Several stores weren’t yet opened for the soft opening because they had not yet obtained business licenses from the city. One operator said he hadn’t gotten his license because he filled out documents, only to find out that his store’s address had changed; he didn’t get new paperwork back to the city in time to be processed with the new address.

The four to five days of rain that hit Las Vegas last week also caused some minor flooding to a few of the businesses. One owner said the bright side is that it happened while construction workers were still around, so whatever fixes had to be made for water tightness would get done right away.

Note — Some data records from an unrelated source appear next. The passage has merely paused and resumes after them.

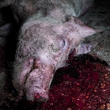 In violation of legislation governing disposal of dead animals – intended to minimise the public health risk associated with diseased animals – two dead pigs were left out in the open yard overnight.One had clearly been shot in the head.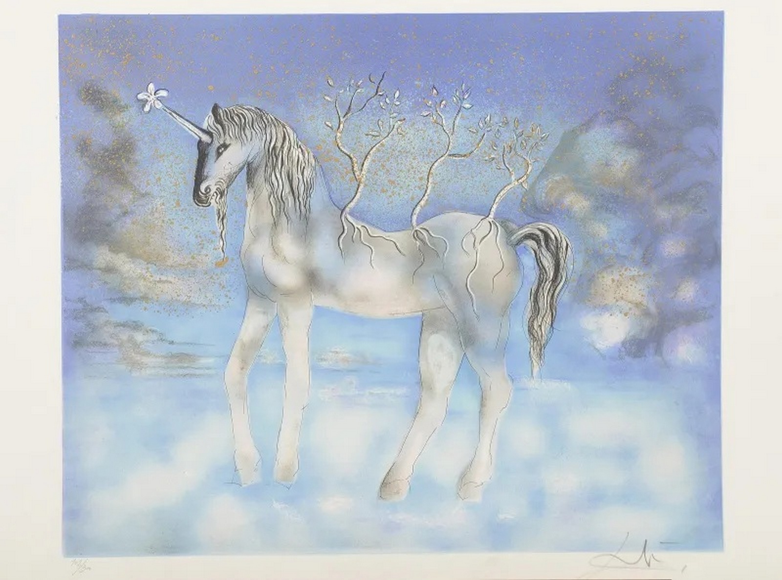 Salvador DALI (1904-1989)La licorne bleue. Lithographie en couleurs sur papier Vélin d’Arches , signée au crayon en bas à droite et numérotée 68/300 en bas à gauche.Timbre sec Salavdore Dali. 54,5 x 75,5 cm
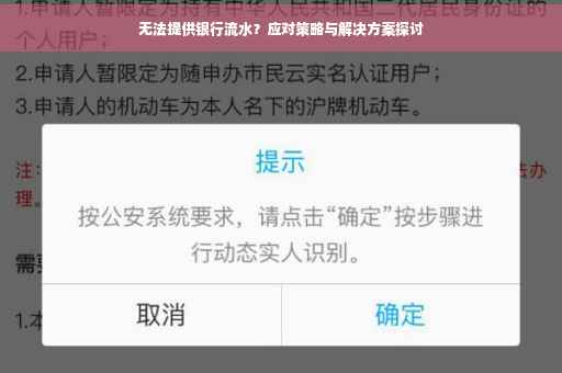 在当今社会,银行流水作为个人经济活动的记录,在很多场合扮演着重要的角色,无论是申请贷款、办理信用卡,还是进行某些金融投资,银行流水往往是一个必要的证明材料,在某些情况下,我们可能会遇到无法提供银行流水的问题,本文将探讨这种情况下的应对策略与解决方案。

Another owner wondered if the rain had seeped into the walls.

The Container Park is the work of Downtown Project, the $350 million private redevelopment agency whose work is focused mostly on the blocks around east Fremont Street. The project came into existence shortly after Zappos CEO Tony Hsieh announced he would move the mega-online retailer from Henderson into the former City Hall, about a half-mile northwest of the Container Park.

After City Hall was renovated and remodeled, Zappos moved in this fall. Meanwhile, Downtown Project appears to be near the end of its quest to buy up acres of downtown properties.

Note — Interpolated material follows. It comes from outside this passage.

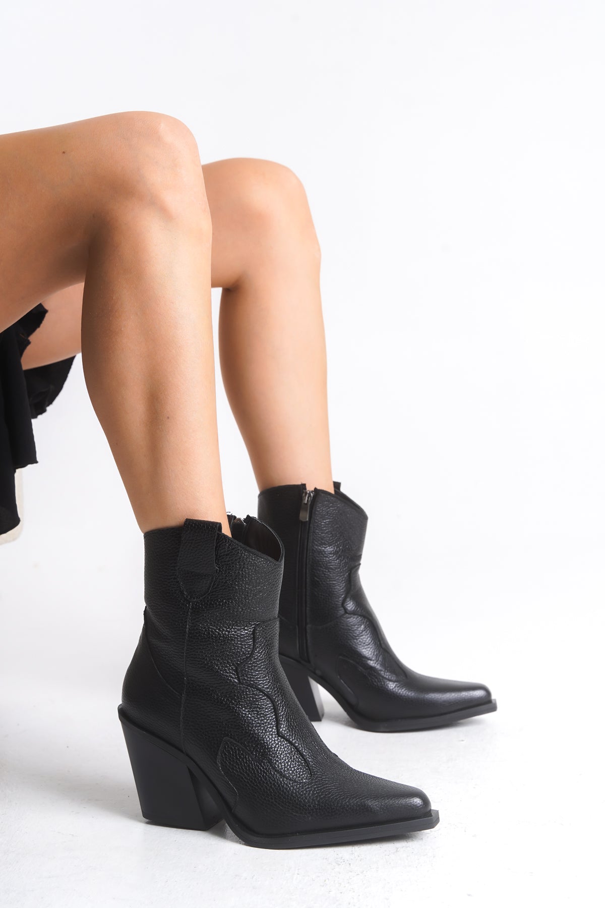 Avenor Kadın Hakiki Deri Western Bot - Siyah

The Container Park is one of several ventures Downtown Project has embarked upon. At least three old motels are targeted for gutting and repurposing, as well as an old tavern, the Bunkhouse, and several smaller projects.

Hsieh walked among the new stores in the mall in his trademark Zappos T-shirt, jeans and tennis shoes when it opened today.

Doug McPhail, Container Park’s retail space director, was beaming. After a little more than a year of construction, and some two years after the idea was conceived, the place was finally open.

“It was conceived as an idea with Tony (Hsieh), and at first it was across the street and literally a few shipping containers on a parking lot,” McPhail said. “Then it morphed into, ‘Well, it needs to be bigger and more prominent and part of the community.'”

So it moved to its location between 7th and 8th streets, he said, and continually changed.

“In most developments, it’s planned and you build it as planned,” he said. “With this, there was the flexibility to continually make it better and see a better way and change it if we wanted. And this is what we got out of it.”

As he spoke, children were playing in the “treehouse” tower, dozens of people were eating from Pinches Tacos or Pork & Beans, two eateries near the entrance, others were going in and out of Jojo’s Jerky store, some of the clothing boutiques and simply sitting in the sun.

Thom Line, who said he lives eight miles beyond downtown, was digitally recording the opening, part of his documentation of downtown’s rebirth.

“The neon has come back and it’s being taken over and upgraded and being turned into a portal for the 21st century,” said Line, a former rock ‘n’ roll radio disc jockey.

Around 4:30, a drum circle gathered next to the giant praying mantissa, a metallic sculpture that shoots flames out of its antennae, at the park's entrance.

Hsieh said the drums are meant to entice people off the streets, then "when it gets to a critical mass of people, we're going to ignite the flames."

He said he wants the drum circle to become a daily event as a way to kick off the evening.

Lisa Mayo De-Riso, a local marketer and lobbyist, sat down to take in the music and marvel at all the people on east Fremont, at 7th Street, on a Monday night in downtown Las Vegas.

"This is not the downtown that you and I remember, that's for sure," she said.

Joe Schoenmann doesn’t just cover downtown, he lives and works there. Schoenmann is Greenspun Media Group’s embedded downtown journalist, working from an office in the Emergency Arts building.